Shreds can be done in morning time, or in the evening, a couple of hours after a light dinner. The technique of doing the exercises is very important, so we recommend everyone who is going to do this program to view the entire complex. So you can easily perform the exercises you already know.

The program is divided into 3 levels of difficulty, each of which takes 10 days.

Classes begin with a mandatory warm-up and always end with relaxing and stretching exercises. Each level has 3 cycles, each of which in turn consists of 3 types of exercises: strength (3 minutes), cardio (2 minutes), abdominal exercises (1 minute). Following this schedule, you will be able to burn calories to the maximum and achieve amazing results. Jillian Michaels will squeeze the best out of you, by the middle of the cycle you will be sure that you can’t take it anymore, but you can’t! The body is capable of more than we sometimes think, and Gillian's training is proof of this.

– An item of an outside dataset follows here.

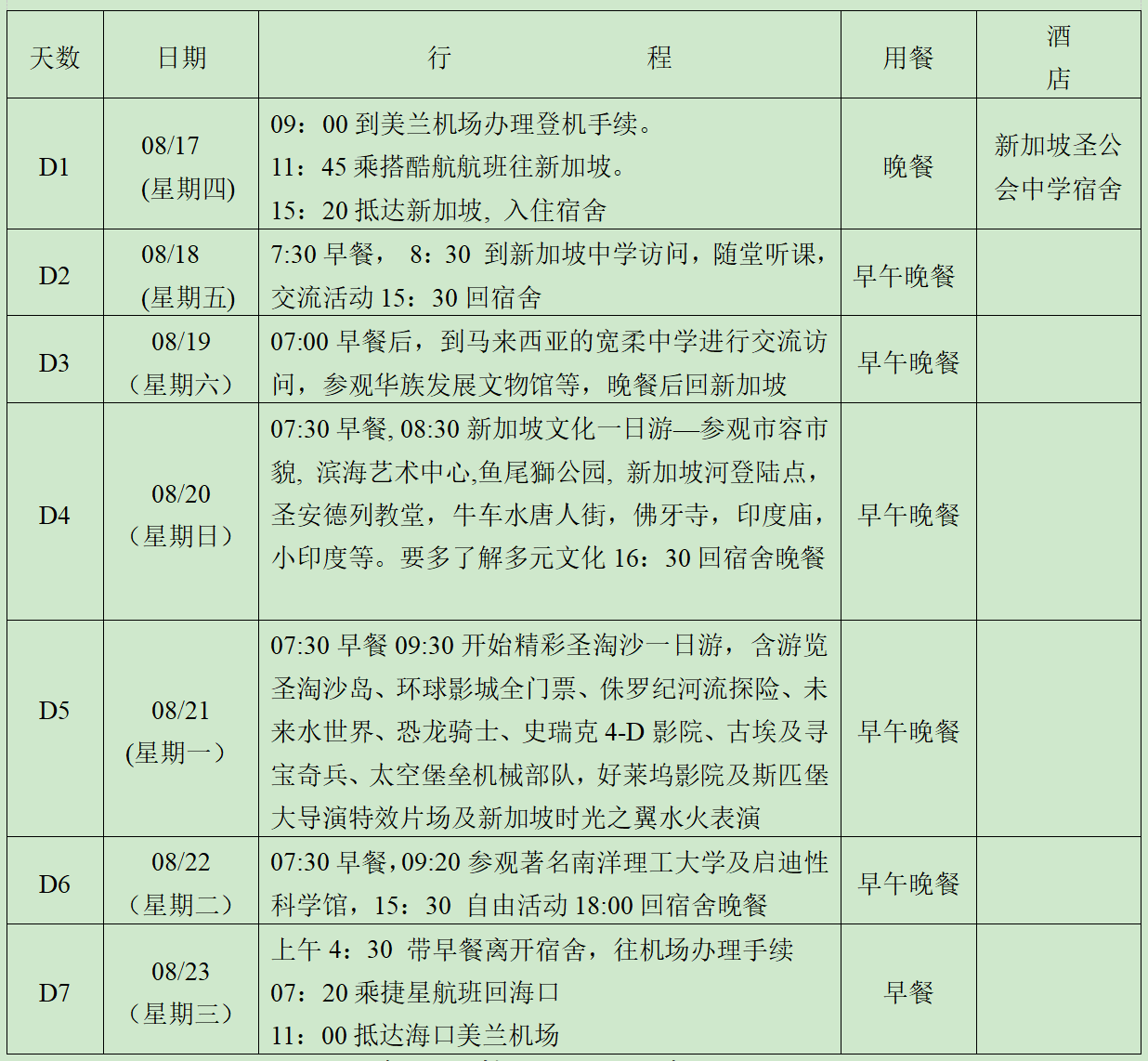(一)新加坡/马来西亚游学交流团行程表(传统项目)

Turn on the video louder and forward, to meet a slender, toned body!

1. Slim figure in 30 days Level 1 (1 week)

In the first level of shreds, the complex consists of such exercises as squats, push-ups, lunges with weights, jumps, a killer set of abdominal exercises and this is not all that the first level of the 30 day shred course will please you with.

In the beginning, you will feel that this is not for you. That you can't. You will feel sore muscles the next day, but don't give up! With each new workout, your body will fill with pleasant sensations. You will wake him up with daily workouts and be surprised how every day you can more easily perform this complex, which, as you thought, was not lifting for you.

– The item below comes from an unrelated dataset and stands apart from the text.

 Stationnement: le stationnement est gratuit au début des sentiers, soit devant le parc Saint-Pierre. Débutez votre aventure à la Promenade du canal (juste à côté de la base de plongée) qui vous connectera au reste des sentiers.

2. Slim figure in 30 days level 2 (week 2)

Everyone who passed this level considers it the most difficult of the whole complex. And you will again feel as if you were in a meat grinder.
All those hobo push-ups, all-fours jumps, deep lunges, and you'll learn from your own experience that Gillian hates having any of your muscles go out of work. You can't just press dumbbells or just squat. You must do both at the same time.
Second secret weapon Jillian Michaels is a plank exercise. You will meet him at the second level of shreds (both static option and plank jumps). This seemingly simple exercise perfectly works out the muscles of the shoulders, arms and especially the press.

Among first-time 30 days shred participants, very few people are able to enjoy the second level of the program. For most, it is difficult from the first to the tenth day. But if on your first day with Gillian you were not even sure that you could make it to the end of the workout, now, despite all the difficulties, there is a stubborn confidence in you that you will go through this hell to the end. You can!

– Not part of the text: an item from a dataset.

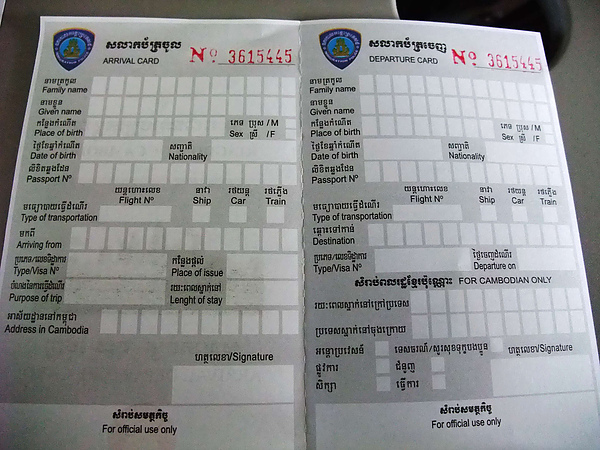 在機上寫了 "出入境卡"、"海關申報卡", 另外入境繳費時, 會再寫一張, 忘記什麼卡了...

3. Slim figure in 30 days level 3 (week 3)

One day of rest between levels and off we go! Like the previous levels, the third also frightens with its obscurity. But training is doing its job, your endurance by this point has already increased by 200% compared to the original. And let the sweat pour into three streams, but the breath no longer goes astray and the work of all muscles gives tremendous pleasure.

Superman, plank push-ups, squat jumps, plank runs, jumps, side planks, dumbbell runs, and squats.

10 days at this pace and you've completed the Jillian Michaels program Slim figure in 30 days". Congratulations!

30 day shred. Results.

Forget about scales! At this stage, the weight can fluctuate and mislead you and thereby frighten you away. Overworked muscles can swell from an unusual load, retaining water, so weight can increase. Measurements must be made only with a centimeter tape. Before starting the program, take all the necessary measurements: bust, underbust, waist, abdomen, hips and legs. Write down your parameters and after passing each level compare them. You will see an amazing picture of how your hated centimeters are melting before your eyes. The body will tighten and gain relief.

So! You did it! You did it! Your figure has already noticeably changed and these changes are noticeable not only to you. Now you can be proud of yourself. I don't think you can be stopped now. Has training become a lifestyle for you now? Then Gillian has many more different workouts for every taste. Make your choice and don't stop!